I appreciate that my work has a tangible and positive impact on the health and safety of the community and the nation. For example, last year we received notification from a state partner that there was an outbreak of severe bleeding among individuals who recently used illegal synthetic cannabinoids, also known as K2/Spice, that was contaminated with brodifacoum, a very long-acting anticoagulant commonly used in rat poison. Individuals suffering from K2/Spice-related bleeding events reported donating source plasma at different facilities throughout the state. My team conducted a thorough investigation of one of the firms where an individual with severe bleeding was known to have donated plasma. Because of the investigation, the firm developed a new corporate directive and procedures for donors who admit to using synthetic marijuana. The firm implemented the directive and procedures at all of its facilities spanning multiple states. These procedures, prompted by our investigation, directly protected the applicable donors from the bleeding risks and the potential for contamination of blood products donated by individuals who used these substances.
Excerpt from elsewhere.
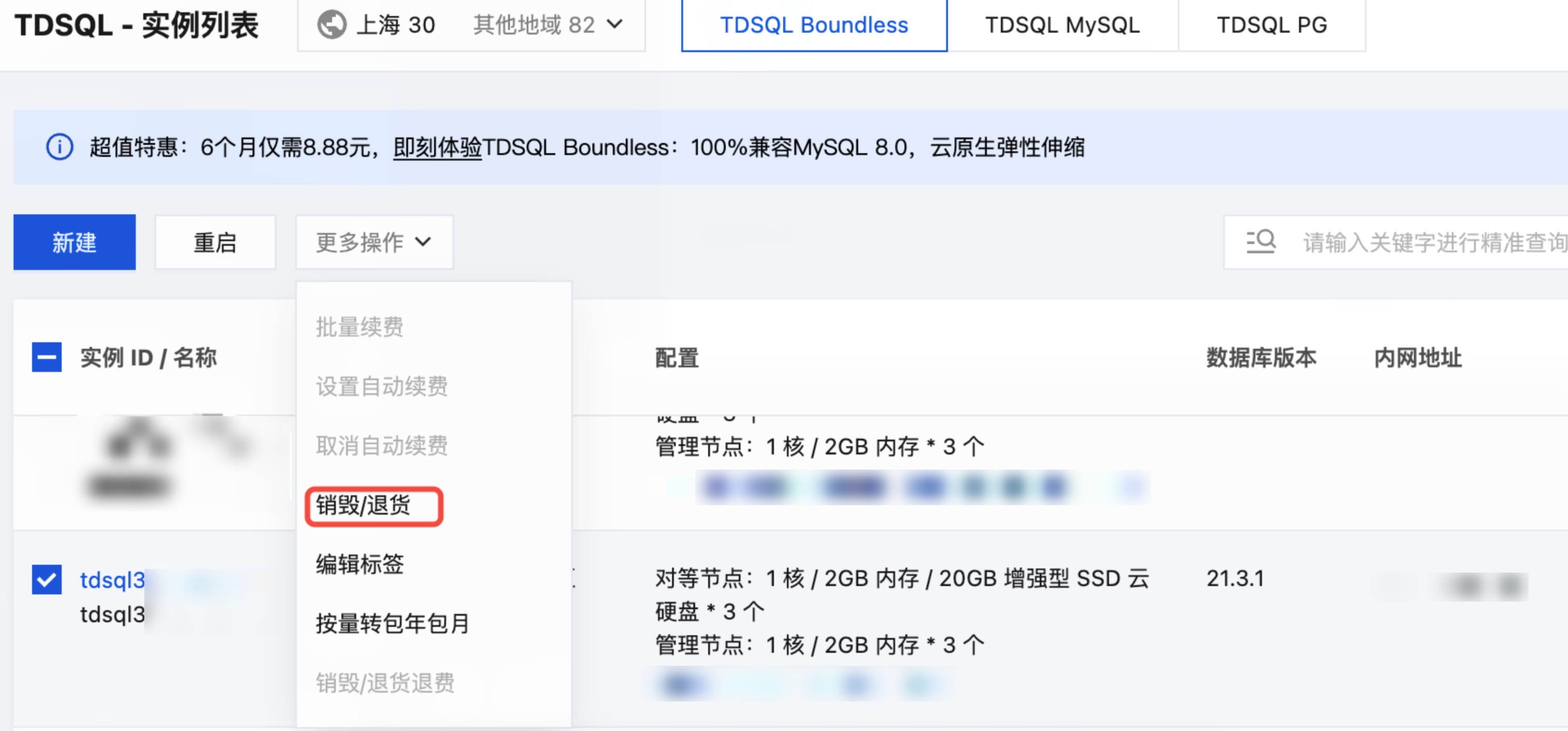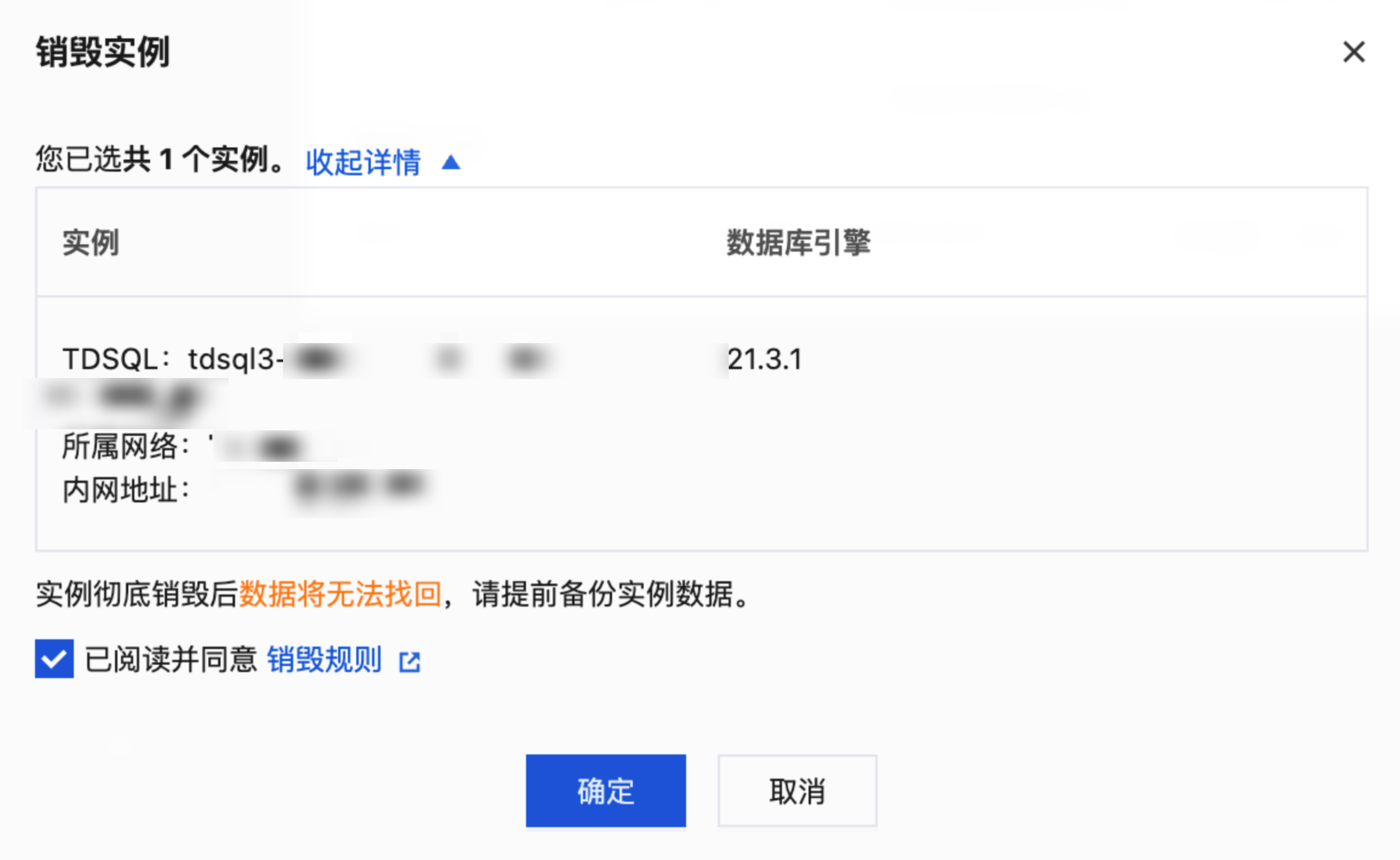 1. 登录 控制台,在实例列表中勾选实例,在上方操作栏选择更多操作 > 销毁/退货。 2. 在弹出的对话框中,仔细阅读并同意销毁规则,单击确定。
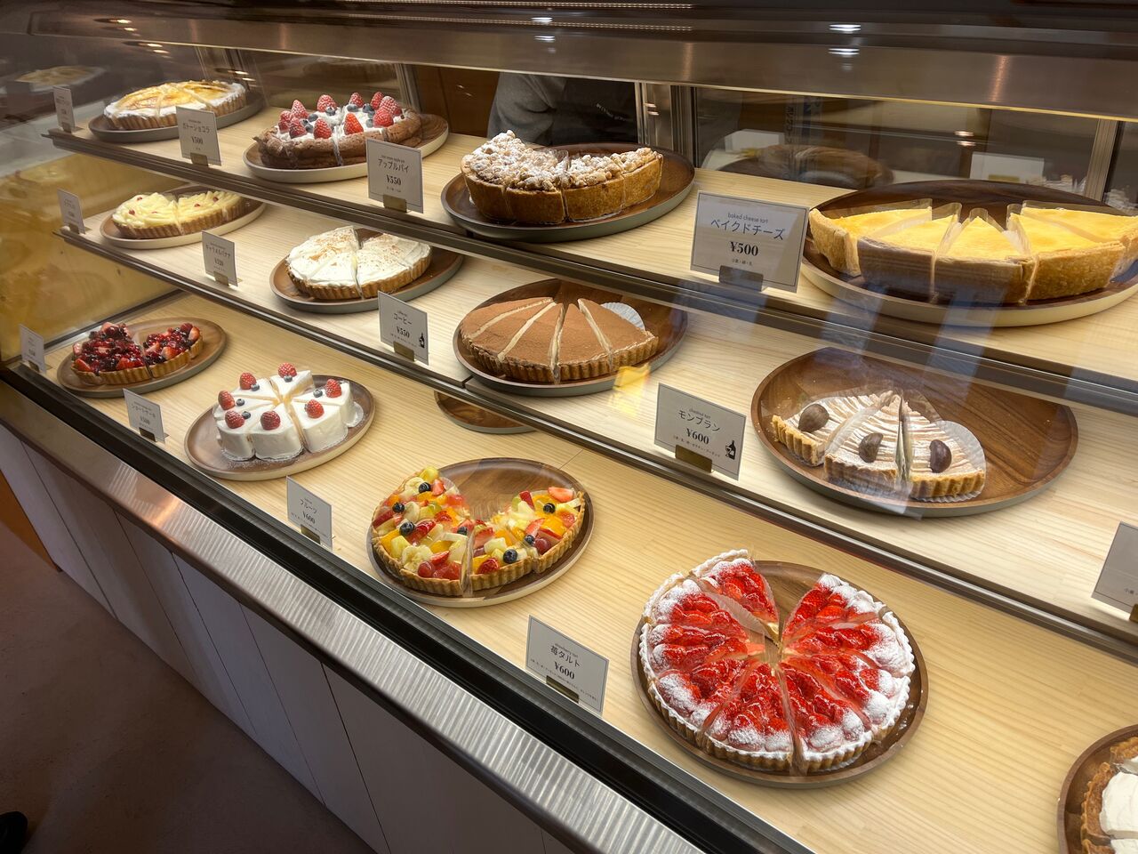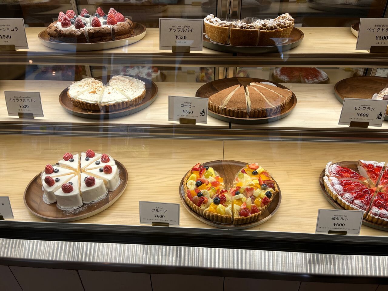 ショーケースにケーキがずらり。

Due to the expanding scope, the FDA commissioner released a statement on the risks associated with synthetic cannabinoid product use.
I was introduced to the U.S. Public Health Service Commissioned Corps after joining FDA. At a training session, an officer shared information with me about the corps and its commitment to protect, promote, and advance the health and safety of our nation. As a member of the corps, I have additional opportunities to positively impact my community and the public health.